● AIM OF THE TASK
Please restate the records below word for word, leaving out every picture.

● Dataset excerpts
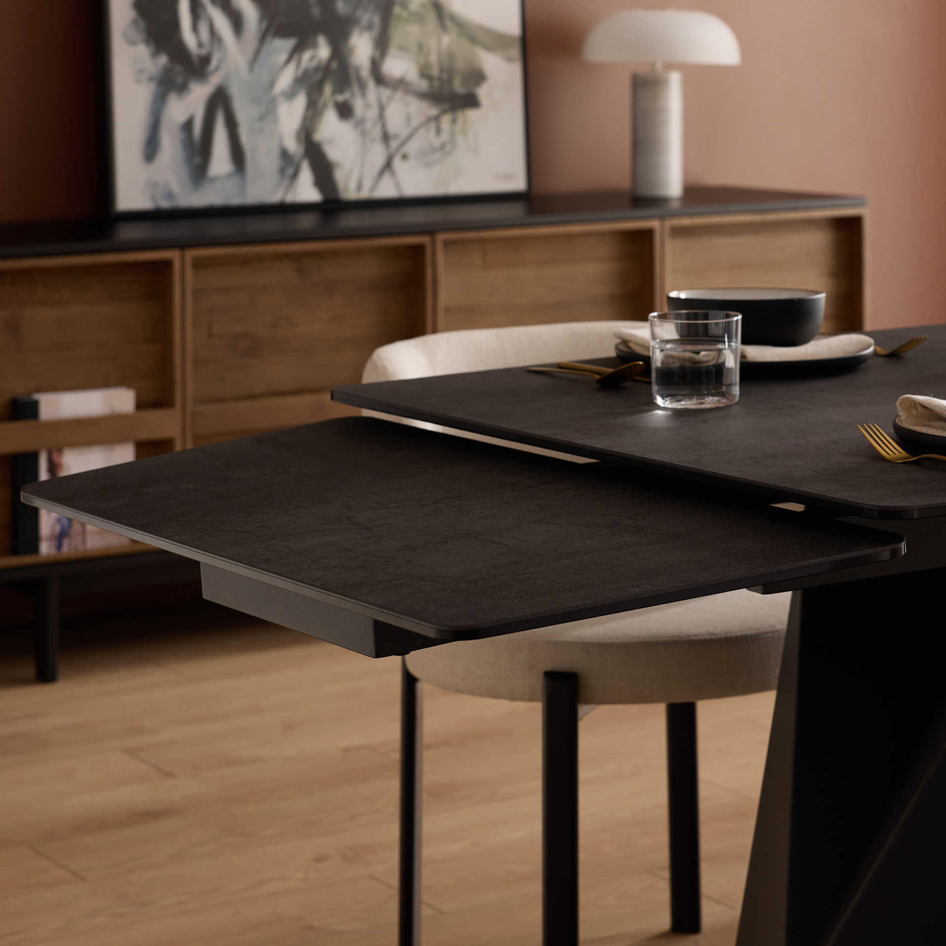 Designed to adapt to any space, it features two discreet manual extensions hidden beneath the tabletop, allowing you to effortlessly transition from intimate dinners to large gatherings.
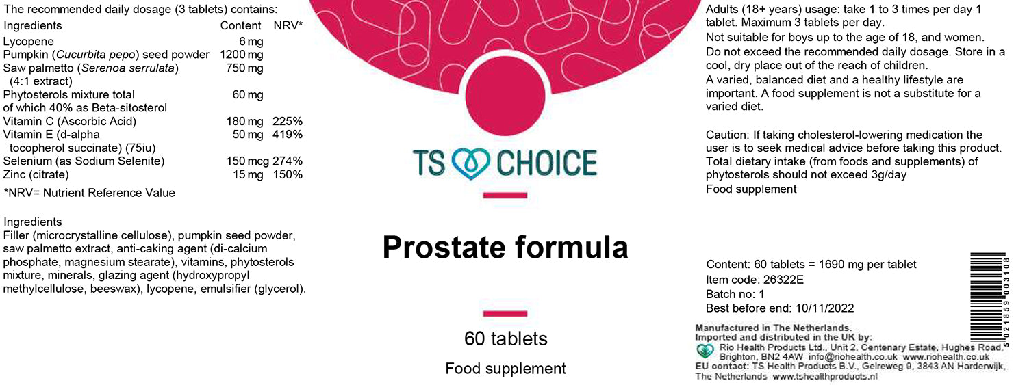 Filler (microcrystalline cellulose), pumpkin seed powder, saw palmetto extract, anti-caking agent (di-calcium phosphate, magnesium stearate), vitamins, phytosterols mixture, minerals, glazing agent (hydroxypropyl methylcellulose, beeswax), lycopene, emulsifier (glycerol).
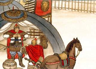 注释:这两句诗前句写自己放浪沙场然心中别有一番滋味,后句写征战现实,前句的别有滋味正是在后句。 凉州词 王翰 葡萄美酒夜光杯,欲饮琵琶马上催。 醉卧沙场君莫笑,古来征战几人回! 【诗文解释】 葡萄美酒倒满了夜光杯,正要畅饮的时候,马上的琵琶也同时在催促着。即使醉卧在沙场上你也不要笑我啊!自古征战在外的又有几人能回来呢? 【词语解释】 夜光杯:白玉制成的酒杯。 催:这里指催人出发的意思。 ① 王翰写有《凉州词》两首,慷慨悲壮,广为流传。而这首《凉州词》被明代王世贞推为唐代七绝的压卷之作。 ② 夜光杯:用白玉制成的酒杯,光可照明。它和葡萄酒都是西北地区的特产。这里指精美的酒杯。 ③沙场:平坦空旷的沙地,古时多指战场。 ④君:你。 ⑤琵琶:这里指作战时用来发出号角的声音时用的。 ⑥催:催人出征。 ⑦凉州词:“凉州歌”的唱词,是盛唐时流行的一种曲调名。 ⑧欲:将要。 ⑨征战:打仗。 【赏析】 琵琶弹奏着欢快而急促的旋律,夜光杯中盛满了西域的葡萄美酒,长年征战疆场的将士难得有这欢聚痛饮的时刻,于是举杯相邀:痛饮个一醉方休吧,「古来征战几人回」?诗人满怀激情写下这沙场之宴的劝酒词,笔端洋溢着豪放、悲壮与将士们视死如归的豪情。 浓郁的边域色彩,跳跃跌宕的结构,奔放的情绪使这首诗成为了边塞诗中的精品。 唐人七绝多是乐府歌词,凉州词即其中之一。它是按凉州(今甘肃省河西、陇右一带)地方乐调歌唱的。《新唐书·乐志》说:“天宝间乐调,皆以边地为名,若凉州、伊州、甘州之类。” 这首诗地方色彩极浓。从标题看,凉州属西北边地;从内容看,葡萄酒是当时西域特产,夜光杯是西域所进,琵琶更是西域所产。这些无一不与西北边塞风情相关。这首七绝正是一首优美的边塞诗。边塞诗,若以对战争的态度为标准。可划分为歌颂战争与暴露战争两类。本诗所写战争的性质和背景已无可考,但从诗人感情的脉搏来体会,这无疑是一首反战的诗歌。不过它不正面描写战争,却通过战前饮酒这件事来表达将士厌战的悲痛情绪,用笔十分隐蔽曲折。 首句设色艳丽,故意夸示饮宴之美:在晶莹透亮闪闪发光的杯子里斟满了葡萄美酒,战士们聚在一起准备痛饮了。写到这里,突然来一顿挫:“欲饮”而无奈“琵琶马上催”。这个上二下五的句式,妙在突然促成了文意的转折。 马上的乐队弹起琵琶催人出发,这使得将士们心情大变,由热闹舒适的欢饮环境一下被逼到紧张激昂的战前气氛中。看来无法再饮酒了!可是,“醉卧沙场君莫笑”。第三句意又一转,告诉我们:这时虽然军令如山,却是催者自催,饮者自饮,而且下决定决心要“醉卧”。 诗人似在代将士倾诉衷肠:管他呢,虽然出发在即,我们依然痛饮,不辞醉倒沙场,这种狂饮你们不会见笑吧?“君莫笑”三字,于顿挫之中一笔挑起,引出了全诗最悲痛、最决绝的一句,这就是结末的“古来征战几人回?”这个诘问句,夸张地展示了战争的残酷后果,道出了普遍性,深化了诗歌的主题。显然,这里所控诉的,已不止是将士们所面临的这一次征战,而是“古来”即有的一切由统治阶级为了自身利益而发动的驱使千千万万将士去送死的战争!全诗抒发的是反战的哀怨,所揭露的是自有战争以来生还者极少的悲惨事实,却出以豪迈旷达之笔,表现了一种视死如归的悲壮情绪,这就使人透过这种貌似豪放旷达的胸怀,更加看清了军人们心灵深处的忧伤与幻灭。《唐诗别裁集》说此诗“故作豪放之词,然悲感已极”。可谓深得作者用心。此诗的确流露了如当代论者所批判的消极情绪,但在那样的时代、那样的残酷环境中,战士和诗人们对于无休无止的边庭争战,一般也只能产生这种悲痛的情绪,我们对此就不必苛求了。 ※注释: ①夜光杯:据《海内十洲记》所载,为周穆王时西胡所献之宝。诗中用作酒杯的美称,华贵而精美的酒杯.
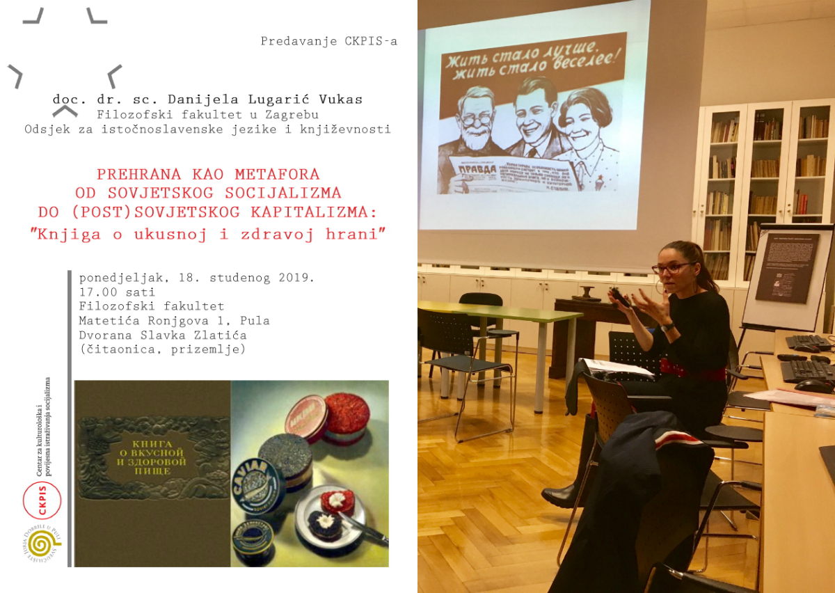 Svoj ciklus javnih predavanja u ovoj akademskoj godini CKPIS započeo je s dr. sc. Danijelom Lugarić Vukas, docenticom na Odsjeku za istočnoslavenske jezike i književnosti Filozofskog fakulteta Sveučilišta u Zagrebu, koja je u ponedjeljak, 18. studenog 2019., u 17.00 sati na Filozofskom fakultetu, u Dvorani Slavka Zlatića (Ronjgova 1, prizemlje, čitaonica) održala predavanje pod naslovom Prehrana kao metafora od sovjetskog socijalizma do (post)sovjetskog kapitalizma: "Knjiga o ukusnoj i zdravoj hrani".
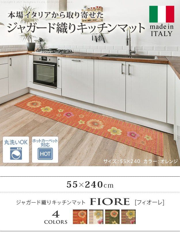 【カラーバリエーション】オレンジ・ベージュ・グリーン・ブラウン【仕様】綿35%・ポリエステル30%・アクリル25%・レーヨン5%・その他5%【サイズ】240x55cm厚さ:約0.3cm重量:約1.1kg▼茶色 緑 イタリア カラフル 花柄 柄物 約 45cm 240cm 幅45 幅240 長方形 ロングマット クッションフロア クッションマット クッションタイプ ミニラグマット 台所マット キッチンラグ オシャレ カラー 材質 サイズ 北 南 東 西 安い 業務用 北欧風 北欧スタイル 北欧モダン 北欧柄 西海岸 アジアン ナチュラル ハワイ ハワイアン 和 和風 和風モダン 個性的 薄い 薄手 小さめ ミニ 大きい 大きめ ワイド 幅広 ロングサイズ ロング 長い 長め 短め スリム 隙間 高さ 防音 滑らない ふける 水拭き ふわふわ ダイニング 台所 キッチン 格安 激安 やすい お洒落 オシャレ おしゃれな 可愛い かわいい カワイイ インテリア 新品 高級感 送料込み 送料無料 単身用 新居 業務用 事務所 家庭用 新生活 仕事用 生活 頑丈 丈夫 一人暮らし用 スリムタイプ スリム型 省スペース コンパクト 夏用 夏 冬用 冬 秋 春 ペット 廊下マット 絨毯 ラグ ラグマット カーペット ▲

● TASK RESPONSE
 Designed to adapt to any space, it features two discreet manual extensions hidden beneath the tabletop, allowing you to effortlessly transition from intimate dinners to large gatherings.
 Filler (microcrystalline cellulose), pumpkin seed powder, saw palmetto extract, anti-caking agent (di-calcium phosphate, magnesium stearate), vitamins, phytosterols mixture, minerals, glazing agent (hydroxypropyl methylcellulose, beeswax), lycopene, emulsifier (glycerol).
 注释:这两句诗前句写自己放浪沙场然心中别有一番滋味,后句写征战现实,前句的别有滋味正是在后句。 凉州词 王翰 葡萄美酒夜光杯,欲饮琵琶马上催。 醉卧沙场君莫笑,古来征战几人回! 【诗文解释】 葡萄美酒倒满了夜光杯,正要畅饮的时候,马上的琵琶也同时在催促着。即使醉卧在沙场上你也不要笑我啊!自古征战在外的又有几人能回来呢? 【词语解释】 夜光杯:白玉制成的酒杯。 催:这里指催人出发的意思。 ① 王翰写有《凉州词》两首,慷慨悲壮,广为流传。而这首《凉州词》被明代王世贞推为唐代七绝的压卷之作。 ② 夜光杯:用白玉制成的酒杯,光可照明。它和葡萄酒都是西北地区的特产。这里指精美的酒杯。 ③沙场:平坦空旷的沙地,古时多指战场。 ④君:你。 ⑤琵琶:这里指作战时用来发出号角的声音时用的。 ⑥催:催人出征。 ⑦凉州词:“凉州歌”的唱词,是盛唐时流行的一种曲调名。 ⑧欲:将要。 ⑨征战:打仗。 【赏析】 琵琶弹奏着欢快而急促的旋律,夜光杯中盛满了西域的葡萄美酒,长年征战疆场的将士难得有这欢聚痛饮的时刻,于是举杯相邀:痛饮个一醉方休吧,「古来征战几人回」?诗人满怀激情写下这沙场之宴的劝酒词,笔端洋溢着豪放、悲壮与将士们视死如归的豪情。 浓郁的边域色彩,跳跃跌宕的结构,奔放的情绪使这首诗成为了边塞诗中的精品。 唐人七绝多是乐府歌词,凉州词即其中之一。它是按凉州(今甘肃省河西、陇右一带)地方乐调歌唱的。《新唐书·乐志》说:“天宝间乐调,皆以边地为名,若凉州、伊州、甘州之类。” 这首诗地方色彩极浓。从标题看,凉州属西北边地;从内容看,葡萄酒是当时西域特产,夜光杯是西域所进,琵琶更是西域所产。这些无一不与西北边塞风情相关。这首七绝正是一首优美的边塞诗。边塞诗,若以对战争的态度为标准。可划分为歌颂战争与暴露战争两类。本诗所写战争的性质和背景已无可考,但从诗人感情的脉搏来体会,这无疑是一首反战的诗歌。不过它不正面描写战争,却通过战前饮酒这件事来表达将士厌战的悲痛情绪,用笔十分隐蔽曲折。 首句设色艳丽,故意夸示饮宴之美:在晶莹透亮闪闪发光的杯子里斟满了葡萄美酒,战士们聚在一起准备痛饮了。写到这里,突然来一顿挫:“欲饮”而无奈“琵琶马上催”。这个上二下五的句式,妙在突然促成了文意的转折。 马上的乐队弹起琵琶催人出发,这使得将士们心情大变,由热闹舒适的欢饮环境一下被逼到紧张激昂的战前气氛中。看来无法再饮酒了!可是,“醉卧沙场君莫笑”。第三句意又一转,告诉我们:这时虽然军令如山,却是催者自催,饮者自饮,而且下决定决心要“醉卧”。 诗人似在代将士倾诉衷肠:管他呢,虽然出发在即,我们依然痛饮,不辞醉倒沙场,这种狂饮你们不会见笑吧?“君莫笑”三字,于顿挫之中一笔挑起,引出了全诗最悲痛、最决绝的一句,这就是结末的“古来征战几人回?”这个诘问句,夸张地展示了战争的残酷后果,道出了普遍性,深化了诗歌的主题。显然,这里所控诉的,已不止是将士们所面临的这一次征战,而是“古来”即有的一切由统治阶级为了自身利益而发动的驱使千千万万将士去送死的战争!全诗抒发的是反战的哀怨,所揭露的是自有战争以来生还者极少的悲惨事实,却出以豪迈旷达之笔,表现了一种视死如归的悲壮情绪,这就使人透过这种貌似豪放旷达的胸怀,更加看清了军人们心灵深处的忧伤与幻灭。《唐诗别裁集》说此诗“故作豪放之词,然悲感已极”。可谓深得作者用心。此诗的确流露了如当代论者所批判的消极情绪,但在那样的时代、那样的残酷环境中,战士和诗人们对于无休无止的边庭争战,一般也只能产生这种悲痛的情绪,我们对此就不必苛求了。 ※注释: ①夜光杯:据《海内十洲记》所载,为周穆王时西胡所献之宝。诗中用作酒杯的美称,华贵而精美的酒杯.
 Svoj ciklus javnih predavanja u ovoj akademskoj godini CKPIS započeo je s dr. sc. Danijelom Lugarić Vukas, docenticom na Odsjeku za istočnoslavenske jezike i književnosti Filozofskog fakulteta Sveučilišta u Zagrebu, koja je u ponedjeljak, 18. studenog 2019., u 17.00 sati na Filozofskom fakultetu, u Dvorani Slavka Zlatića (Ronjgova 1, prizemlje, čitaonica) održala predavanje pod naslovom Prehrana kao metafora od sovjetskog socijalizma do (post)sovjetskog kapitalizma: "Knjiga o ukusnoj i zdravoj hrani".
 【カラーバリエーション】オレンジ・ベージュ・グリーン・ブラウン【仕様】綿35%・ポリエステル30%・アクリル25%・レーヨン5%・その他5%【サイズ】240x55cm厚さ:約0.3cm重量:約1.1kg▼茶色 緑 イタリア カラフル 花柄 柄物 約 45cm 240cm 幅45 幅240 長方形 ロングマット クッションフロア クッションマット クッションタイプ ミニラグマット 台所マット キッチンラグ オシャレ カラー 材質 サイズ 北 南 東 西 安い 業務用 北欧風 北欧スタイル 北欧モダン 北欧柄 西海岸 アジアン ナチュラル ハワイ ハワイアン 和 和風 和風モダン 個性的 薄い 薄手 小さめ ミニ 大きい 大きめ ワイド 幅広 ロングサイズ ロング 長い 長め 短め スリム 隙間 高さ 防音 滑らない ふける 水拭き ふわふわ ダイニング 台所 キッチン 格安 激安 やすい お洒落 オシャレ おしゃれな 可愛い かわいい カワイイ インテリア 新品 高級感 送料込み 送料無料 単身用 新居 業務用 事務所 家庭用 新生活 仕事用 生活 頑丈 丈夫 一人暮らし用 スリムタイプ スリム型 省スペース コンパクト 夏用 夏 冬用 冬 秋 春 ペット 廊下マット 絨毯 ラグ ラグマット カーペット ▲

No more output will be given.